DESCRIPTION (provided by applicant): The Bcl-6 transcriptional repressor is the most commonly mutated oncoprotein in B-cell lymphomas. Mutations of its regulatory regions occur in approximately 50% of patients, leading to deregulated expression of Bcl-6 with consequent differentiation block and aberrant cell survival. The N-terminal BTB/POZ domain of Bcl-6 is required for its transcriptional functions. By X-ray crystallography we found that the Bcl-6 BTB domain binds directly to its co-repressor partner proteins through a non-conserved "lateral groove" motif. The reciprocal surface is provided by a short sequence present in the SMRT, N-CoR and BCoR corepressors. Point mutations in this "COW' motif cause loss of physical and functional interactions between corepressors and Bcl-6 in vitro and in vivo. This could be of major functional relevance for Bcl-6, since corepressor interaction is required for this protein to mediate transcriptional repression. We hypothesize that the lateral groove plays a critical role in Bcl-6 dependent repression. Therefore, we designed peptide inhibitors that prevent co-repressor interaction with Bcl-6. These reagents will be used to "conditionally knock out" the contribution of the SMRT/N-CoRJBCoR co-repressors to silencing by Bcl-6. This will allow us to determine the relative contribution of these corepressors to the genomic and epigenomic transcriptional mechanisms of Bcl-6. Such results can be obtained by combining high-throughput chromatin structure analysis by ChIP on chip and differential methylation hybridization with standard expression arrays. Validation through specific studies on independent loci is also required. Finally, we predict that lateral groove blockade of Bcl-6 will counteract the oncogenic activity of Bcl-6 and constitutes a novel and specific transcription therapy approach for B-cell lymphomas. We will assess the ability of lateral groove blockade to reverse the malignant phenotype of B-cell lymphoma cells as well as its capacity to alter the course of disease in pre-clinical animal models of this disease. Collectively, these results will reveal novel and important insights into the mechanism of action of Bcl-6 transcriptional repression, as well as provide the basis for a novel and specific molecular therapeutic modality for patients with B-cell lymphomas.

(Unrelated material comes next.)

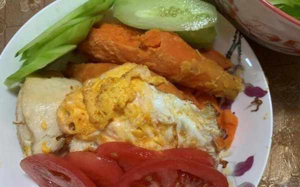 要做這頓美味的早餐,首先需要準備好早餐的食材。食材可以根據自己的喜好來選擇。如果傢裡還有一些食材,就全部拿出來。紅薯皮清洗幹凈後蒸紅薯。可以用紫薯、土豆和山藥。將它們蒸熟並放在一邊備用。然後將西紅柿和黃瓜切片。先將雞柳焯一下,然後用少許油炸一下。最後準備兩個雞蛋,把雞蛋煎一下,做成荷包蛋備用,材料就準備好瞭。
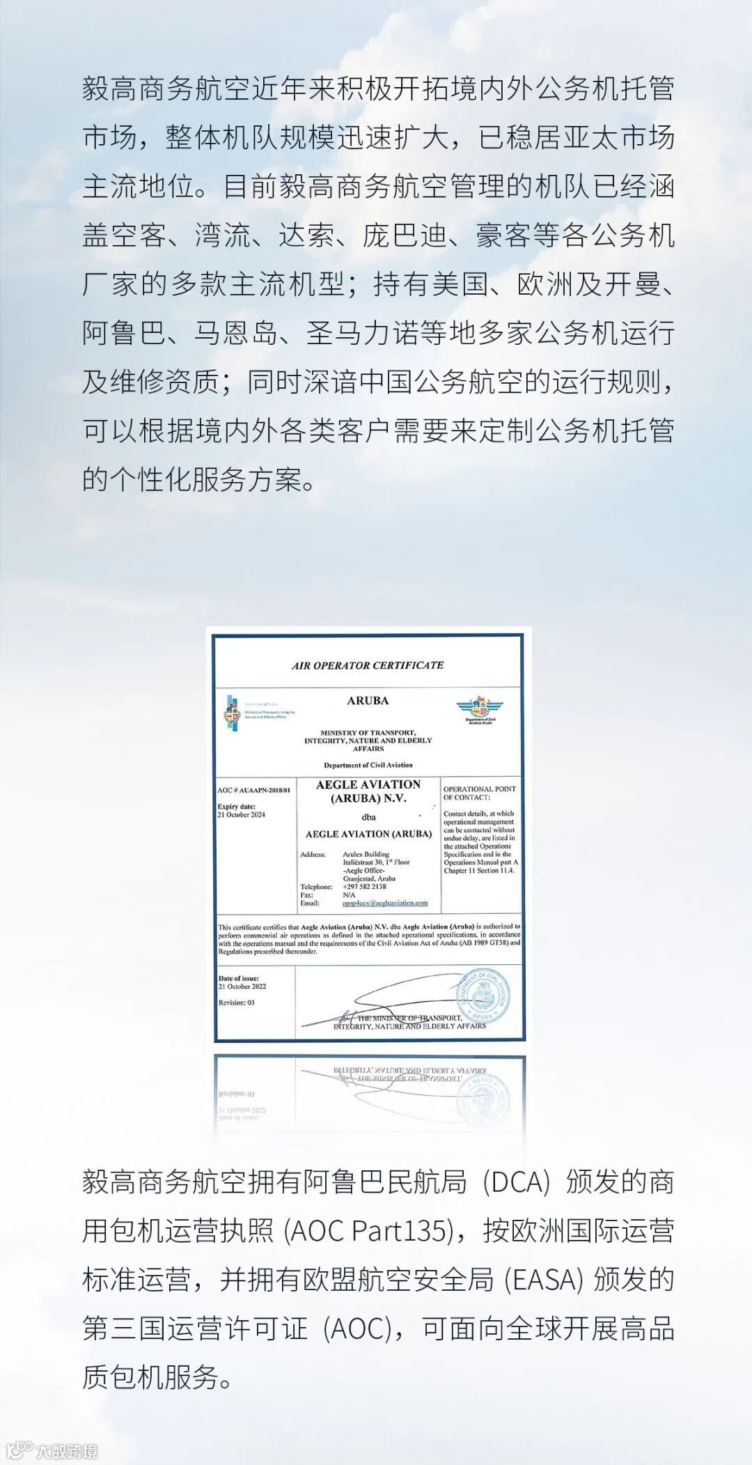 AEGLE毅高商务航空顺利获得国际公务机协会(IBAC)颁发的公务机国际运行标准(IS-BAO)第三阶段认证证书

描述（申请人提供）：Bcl-6转录抑制因子是B细胞淋巴瘤中最常见的突变癌蛋白。其调控区的突变发生在大约50%的患者中，导致Bcl-6表达失调，从而导致分化阻滞和异常细胞存活。Bcl-6的N端BTB/POZ结构域是其转录功能所必需的。通过X射线晶体学分析，我们发现Bcl-6 BTB结构域通过一个非保守的“侧沟”基序直接与其辅阻遏物伴侣蛋白结合。相互表面由SMRT、N-CoR和BCoR辅阻遏物中存在的短序列提供。在这个“COW”基序的点突变造成的损失的物理和功能之间的相互作用的辅阻遏物和Bcl-6在体外和体内。这可能是Bcl-6的主要功能相关性，因为辅阻遏物相互作用是该蛋白介导转录抑制所必需的。我们推测侧沟在Bcl-6依赖性抑制中起关键作用。因此，我们设计了防止与Bcl-6的共阻遏物相互作用的肽抑制剂。这些试剂将用于“条件性敲除”SMRT/N-CoR/BCoR共阻遏物对Bcl-6沉默的贡献。这将使我们能够确定这些辅阻遏物对Bcl-6的基因组和表观基因组转录机制的相对贡献。这样的结果可以通过将ChIP芯片上的高通量染色质结构分析和差异甲基化杂交与标准表达阵列相结合来获得。还需要通过对独立位点的具体研究进行验证。最后，我们预测Bcl-6的侧沟阻断将抵消Bcl-6的致癌活性，并构成一种新的和特定的B细胞淋巴瘤的转录治疗方法。我们将评估侧沟阻断逆转B细胞淋巴瘤细胞恶性表型的能力，以及其在该疾病的临床前动物模型中改变病程的能力。总的来说，这些结果将揭示新的和重要的见解Bcl-6转录抑制的作用机制，以及提供一个新的和特定的分子治疗模式的B细胞淋巴瘤患者的基础。